Thursday, December 31, 2009

2009 High/Low

Oh 2009, you were most definitely an interesting year.  I'm glad to wave good bye to you and say hello to 2010. 

  • High: Chad was finally able to gain decent control over his Type 1 diabetes.  He's much more healthy and better able to take care of himself
  • Low: Critical low blood sugars.  We'll always have to deal with them, but it's nice that they are few and far between
  • High: Finally learning to coupon successfully.  I'm ashamed to admit that I've tried this so many different times and failed miserably.  But now I can do it with a small margin of savings.  
  • Low: The amount of money I wasted before couponing and paying attention to the cost of things.  Sigh.
  • High: Watching Clayton change from a baby into a boy.  How does that happen in 365 days?
  • Low: Knowing I'll never have these days back with Clayton.  Time is passing so quickly and I don't want to miss a thing.
  • High: Seeing Wyoming, Montana, and Idaho from the front seat of a Nissan Quest.  That trip was so much fun.  I hope to be able to do it again one day.
  • Low: Driving in endless amounts of road construction in Yellowstone in a Nissan Quest and being severely out numbered in the boy to girl ratio.  If it wasn't for Amy I would lost all of my marbles.
  • High: Learning how much people care about our family and want to see us thrive.
  • Low: Unfortunately we had to hurt to learn all of these things.
  • High: Positive pregnancy test
  • Low: Positive for Full Trisomy 18
  • High: Johanna
  • Low: There is no low for this one, only a high.
2009 was hands down the hardest year of my life.  I obviously don't know what the Lord has in store for our future.  I know He has great plans for me.  I have learned a lot this year.  And even though I have had to hurt to learn all of these lessons I can say that it's all been worth it.  I don't know why God chose Johanna and T18 for our family, but He did.  I'm glad I didn't know this was coming on 12/31/08.  But I'm glad I'm going through it on 12/31/09.  It's crazy how different things are in the span of a year.  It's crazy to think how different I am now.  The goofy silly girl is gone(maybe not completely).  I feel like I've aged 15 years during this past year.  And that's OK.  It's the experiences of our life that make us who we are.  It's the things that God gives us that shape our character.  And with each passing year, I'm one year and day closer to my eternal home.

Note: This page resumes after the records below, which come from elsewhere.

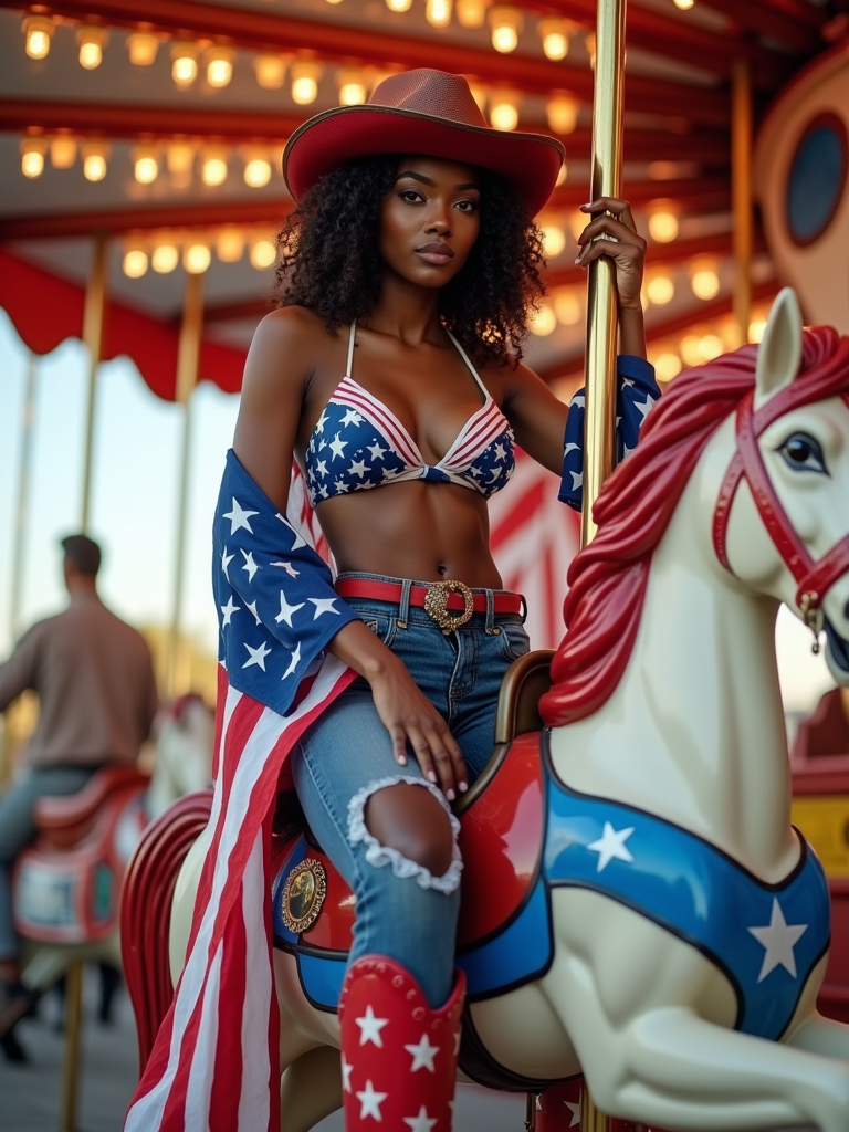 model confidently posed on top of a vibrant carnival carousel horse painted in stars and stripes, the scene bursting with red, white, and blue colors. she is dressed in classic american western clothes, adorned with a stars and stripes bikini, denim hot pants with flag patches , accentuating her red, white and blue cowboy boots. the ensemble is completed with a stars and stripes cowboy hat, American flag draped over her shoulders. the carnival atmosphere is enhanced by patriotic bunting and twinkling red, white, and blue lights.
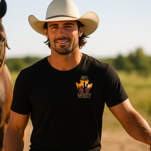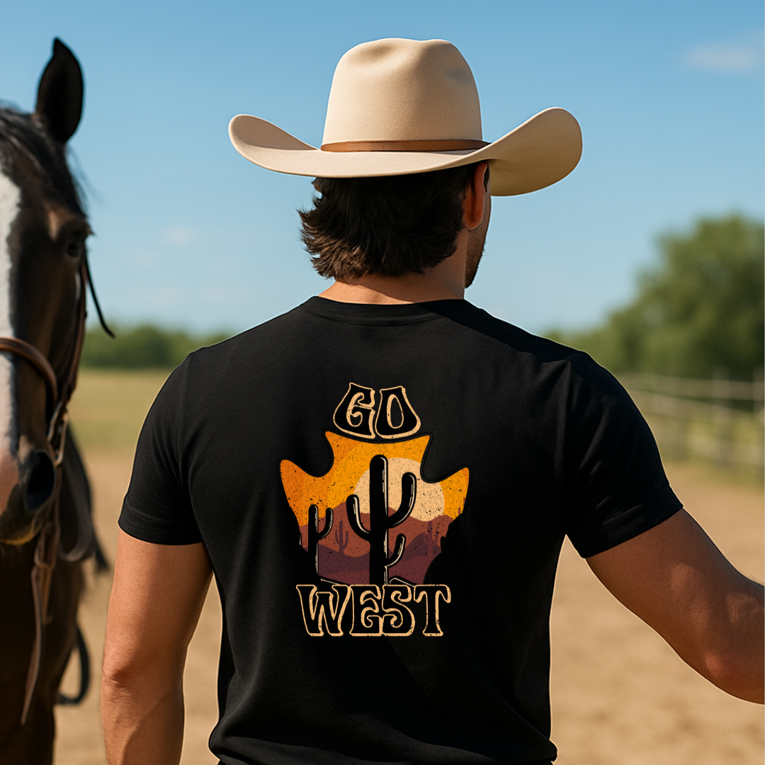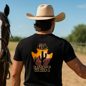 Camiseta casual de corte holgado con cuello redondo, manga corta, 100% Algodón, con diseño vaquero Go west. Perfecta para el estilo diario.
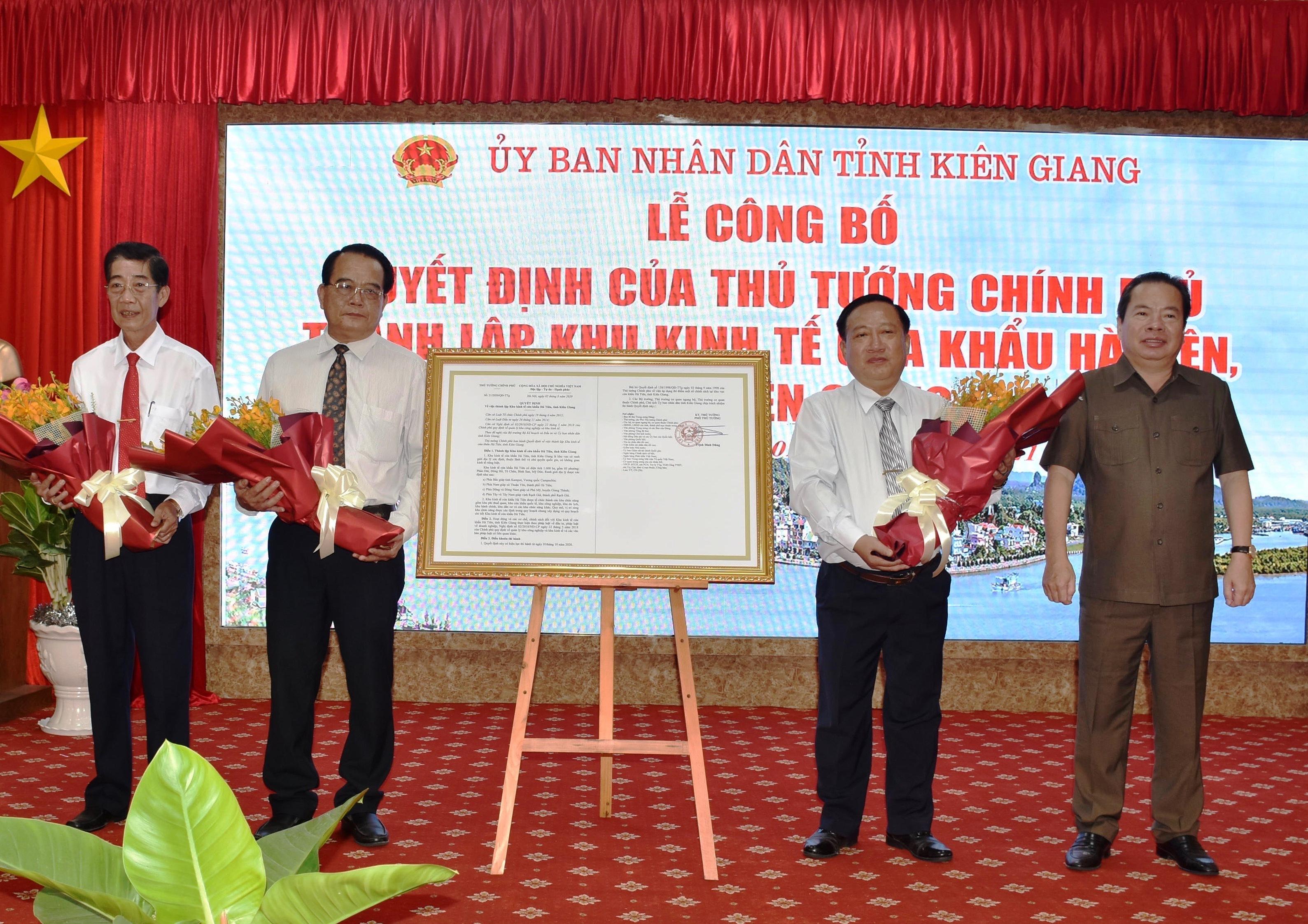 Thừa ủy quyền của Thủ tướng Chính phủ, Phó Bí thư Thường trực Tỉnh ủy Kiên Giang Mai Văn Huỳnh (bìa phải) trao Quyết định thành lập khu kinh tế cửa khẩu Hà Tiên cho các đồng chí lãnh đạo Ban Quản lý khu kinh tế
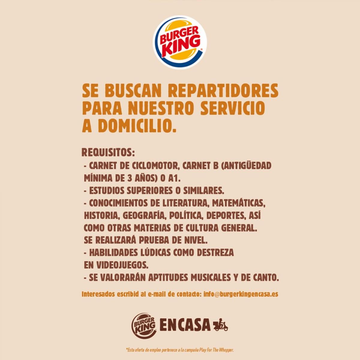 La conocida compañía de comida rápida ha iniciado una supuesta campaña de contratación de personal donde entre los diferentes requisitos, para un supuesto puesto de repartidor, son: “estudios superiores o similares; conocimiento de geografía, política; habilidades lúdicas como destreza en videojuegos; aptitudes musicales y de canto”.
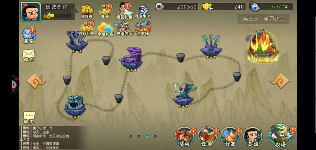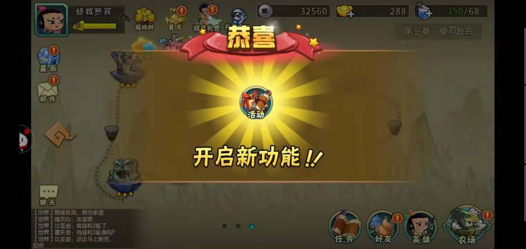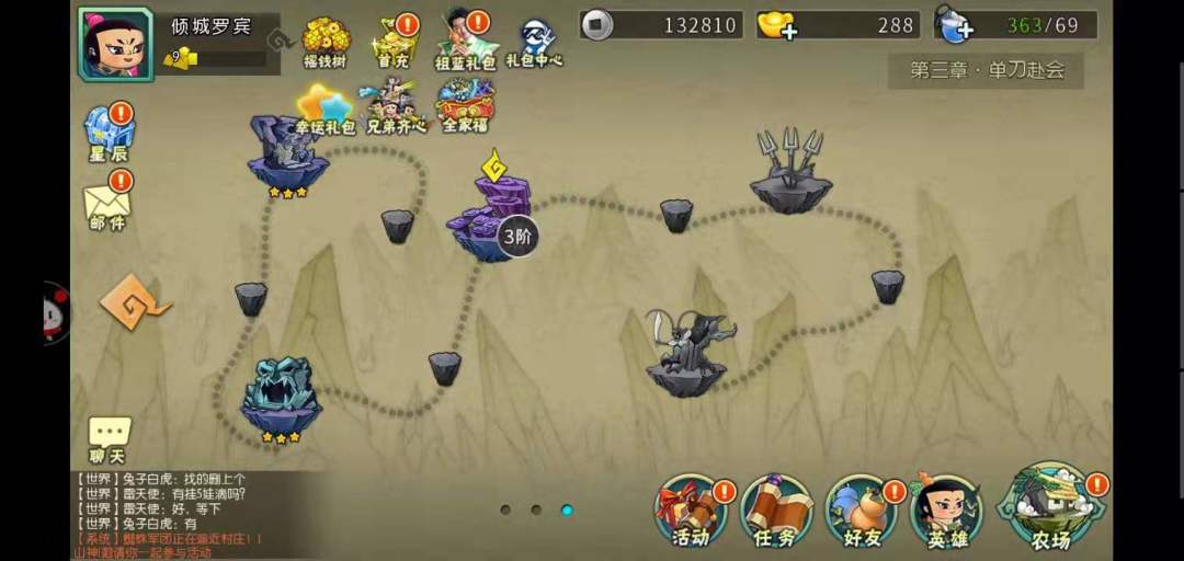 咱们继续推图第三章,还是用123kai始从第一小关kai始推,推不过的话就多買装备多进阶加属性,银币很重要的
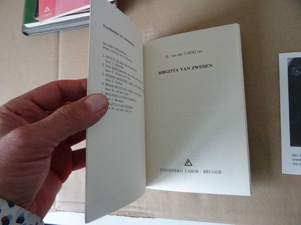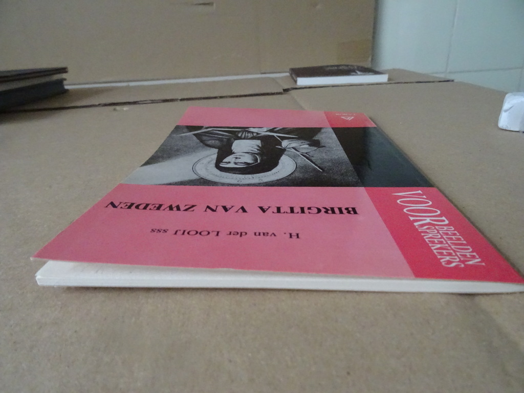 H. van der Looij sss Birgitta van Zweden, eerste druk uit 1990. Levend Brood 9. In een prachtige gebruikte staat, zie foto’s. Van binnen nog mooi, lijkt ongelezen. 32 pagina’s. Afkomstig uit de collectie van een pastoor op leeftijd. Twee exemplaren op voorraad voor 19 euro per stuk. Het tweede exemplaar slechts licht verkleurd en licht verbogen, zie foto’s. Zeldzaam.
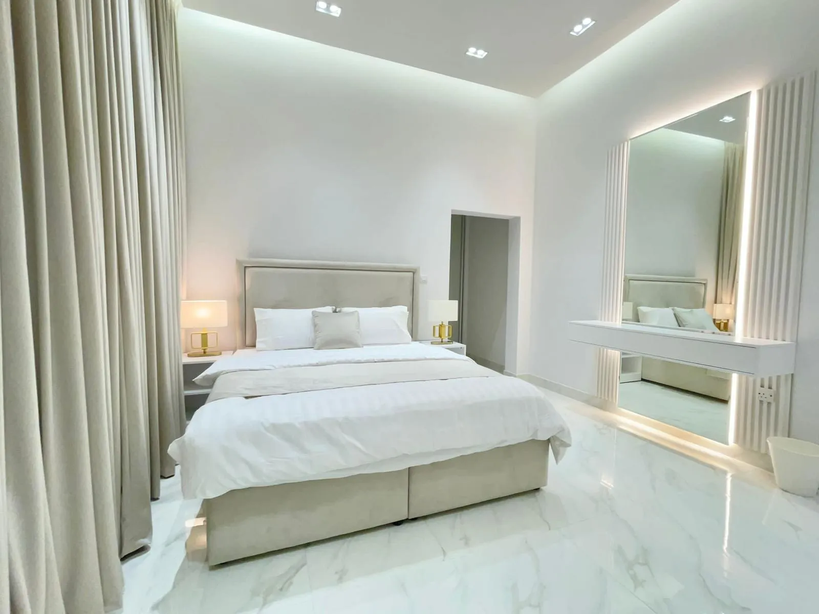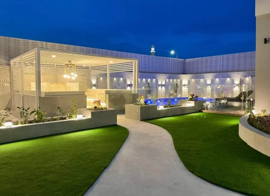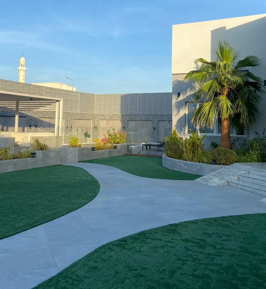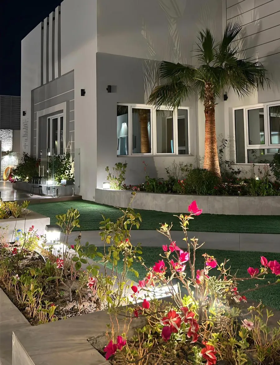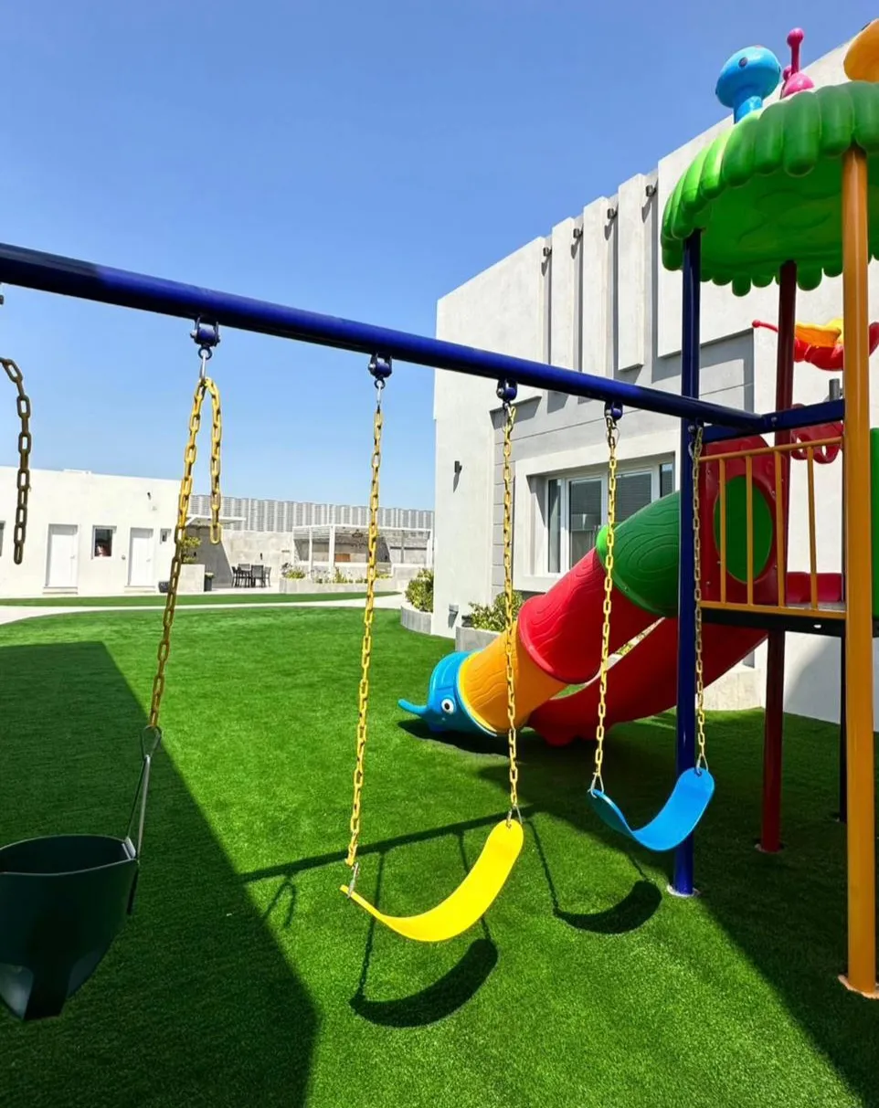 Awesome villa consists of 4 bedrooms and 4 bathrooms and amazing garden with outdoor sitting area, also it includes a swimming pool and kids playing area.
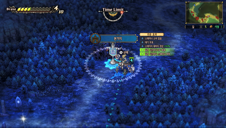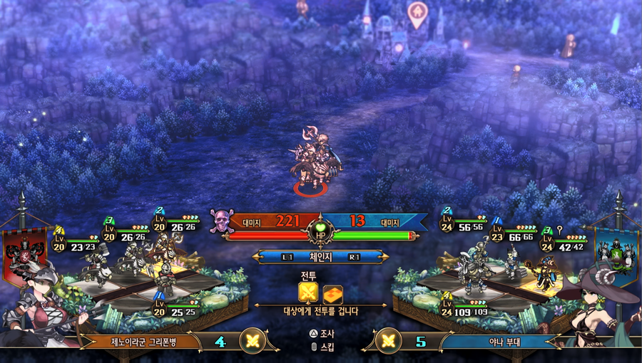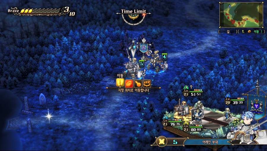 자유롭게 부대를 출진, 거점으로 퇴각, 이동, 공격 등을 진행할 수 있는 부분으로 전장 모드_초반과 동일하다.
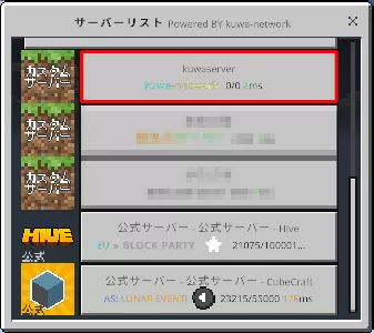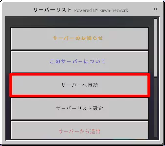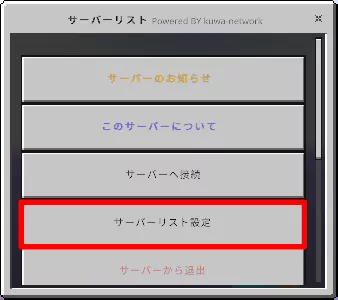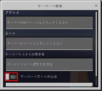 画像で囲まれているサーバーリスト絵の追加をONにするとサーバーリストにサーバーが追加されます。

So bring it on 2010.  Let's see what you have to offer.  I'm sure there's a lot of pain, but I'm sure there will be more joy.  I expect some tears, but I expect more laughter.  I'm sure to see some hurt, but there will be more healing.  There will be disappointments, but there will be excessive triumphs.  It's gonna be a great year.

2 comments:

Jamie Lynn said...

I love how you look at both sides of everything. Makes me smile. && inspired me to do the same thing. :)
And no that goofy girl isn't entirely gone. Hahaha because you still laugh at my dumb jokes. :) love you!

Holly said...

I like how you mentioned the highs and lows. I have a feeling 2010 is gonna be great.